Я потянулся к пиву, неловко опрокинул стакан, залил скатерть. Обхватив руками голову, локтями упершись в стол, сидел, скованный ужасом.

В Хельсинки третий день мело. Заносило снегом гавань, Эспланаду, гранитные скалы, в которые тут и там упирались улицы. Снег прикрыл белым саваном наготу бегущего бронзового человека – памятник бегуну Пааво Нурми, обладателю двадцати двух мировых рекордов.

– Где вы были, штурман? – спросил замполит Ройтберг, когда я, облепленный снегом, вернулся на «Иртыш».

– Ходил в магазин, – сказал я.

Ройтберг посмотрел на мои руки, не отягощенные покупками.

– Надеюсь, вы помните, Вадим Львович, что общение с местным населением нежелательно.

А что такое?
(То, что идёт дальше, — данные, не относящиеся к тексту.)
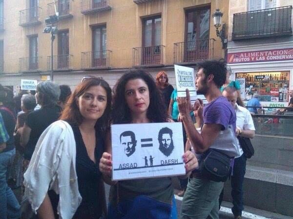 Como puede comprobarse en la foto que encabeza este artículo, esta respetada analista incluso llegar a equiparar al legítimo presidente Bashar al-Assad con el grupo terrorista Estado Islámico (creado por Washington, aunque Leila no nos lo cuente), idea que comparte junto a la periodista Olga Rodríguez (lado izquierdo de la imagen), también respetada y premiada [7] por gran parte de la izquierda corporativa y pro-imperialista española.

Сегодня выходной день, восьмое ноября, – почему бы не сходить в магазин, нам же выдали часть оклада финскими марками. А то, что я сегодня ничего не купил, никого не касается.

Но вслух я только сказал:

– Конечно, помню.

У себя в каюте завалился на койку лицом к переборке. Никого не касалось, что я после праздничного обеда ушел и шлялся под снегопадом по Хельсинки. Пааво Нурми! Тебе одному могу признаться, какая беда обрушилась на меня…
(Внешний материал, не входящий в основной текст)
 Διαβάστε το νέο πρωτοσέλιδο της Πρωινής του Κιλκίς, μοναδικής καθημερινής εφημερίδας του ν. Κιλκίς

Отец моей жены – беглый мятежник… Она родилась в концлагере… Что мне делать, люди добрые? Могу ли я по возвращении в Кронштадт сказать об этом Маше… глядя в ее светло-карие глаза, так похожие на глаза Капитолины Федоровны… Капы?..

НЕ-ВОЗ-МОЖ-НО!

Да и если бы только это…

Пожелтевшие, обтрепанные по краям газетные листы положил передо мной Терентий – «Известия Временного Революционного Комитета», издававшиеся мятежниками. Бросились в глаза поблекшие от времени, но жгучие, невозможные слова…
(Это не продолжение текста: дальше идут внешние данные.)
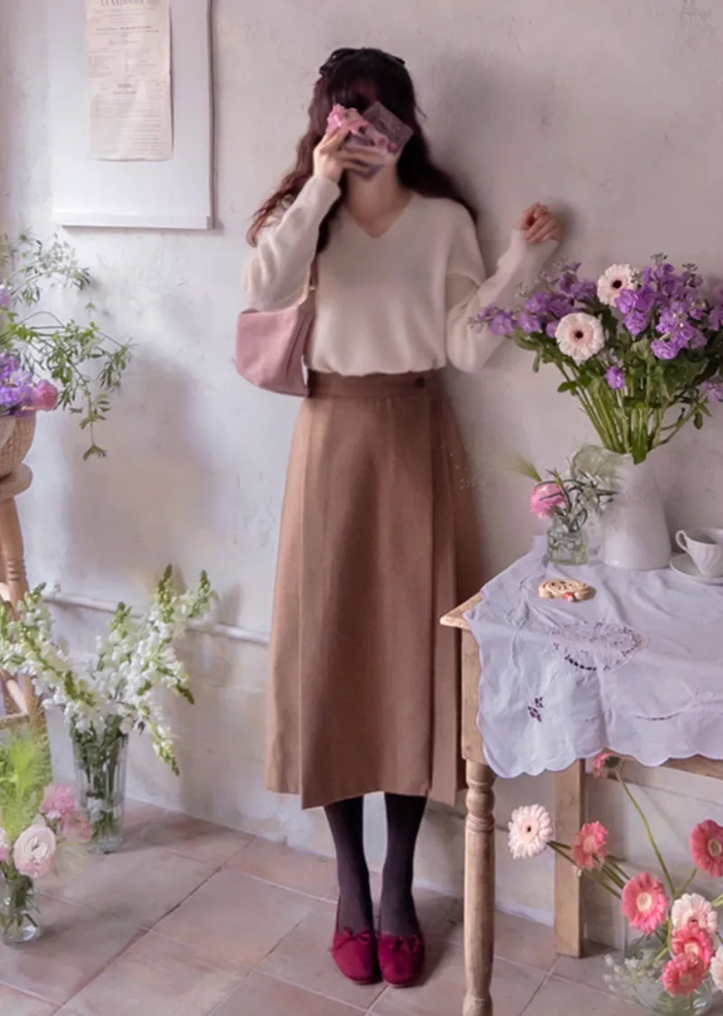 自然柔美廓形精緻V領針織上衣

«Требуем восстановления свобод и народовластия!» – кричали заголовки. – «Покончить с комиссародержавием!»

Резолюция восставших линкоров, с которой, как видно, все и началось, требовала:

«Ввиду того, что настоящие советы не выражают волю рабочих и крестьян, немедленно сделать перевыборы советов тайным голосованием…»

«Немедленно снять заградительные отряды… покончить с разверстками и реквизициями… упразднить политотделы… дать полное право действия крестьянам над своею землею так, как им желательно…»

«Волею широких масс, – извещали «Известия ВРК», – власть в Кронштадте от коммунистов перешла без единого выстрела в руки Временного Революционного Комитета. В городе создан образцовый порядок…»

«Три дня, как граждане Кронштадта свободно вздохнули от диктатуры партии… Временный Революционный Комитет не мстит, никому не угрожает…»

«Не поддавайтесь нелепым слухам, что будет в Кронштадте власть в руках генералов и белых. Это неправда. Она выполняет только волю всего трудового народа…»

А стихи какие! Вот пишет моряк К. Колодочкин:

 
 
Кровавый ужас Николая
Мы не успели позабыть,
Коммуны партия «святая»
Кровь нашу снова стала лить.
Она свободу нам сулила,
Нам обещала счастья дар,
Но этот дар свой превратила
В кровавый ужас и кошмар.
Расстрелы, пытки, истязанья,
Лилася кровь из-под мечей,
Дала три года нам страданья,
Но хуже царских палачей.
Свершилось. Волею народа
Кошмар насилия разбит,
Возвращена опять свобода,
Пожар восстания горит.
Седой Кронштадт в былое время
Революционным шел вперед.
Он Николая сбросил бремя
И сбросит коммунистов гнет.
 

Где же тут белогвардейский мятеж?!!

Невозможно читать эти газеты.

Народовластия они хотели… Свободно вздохнули от диктатуры – вы такое слыхали?! – от диктатуры партии!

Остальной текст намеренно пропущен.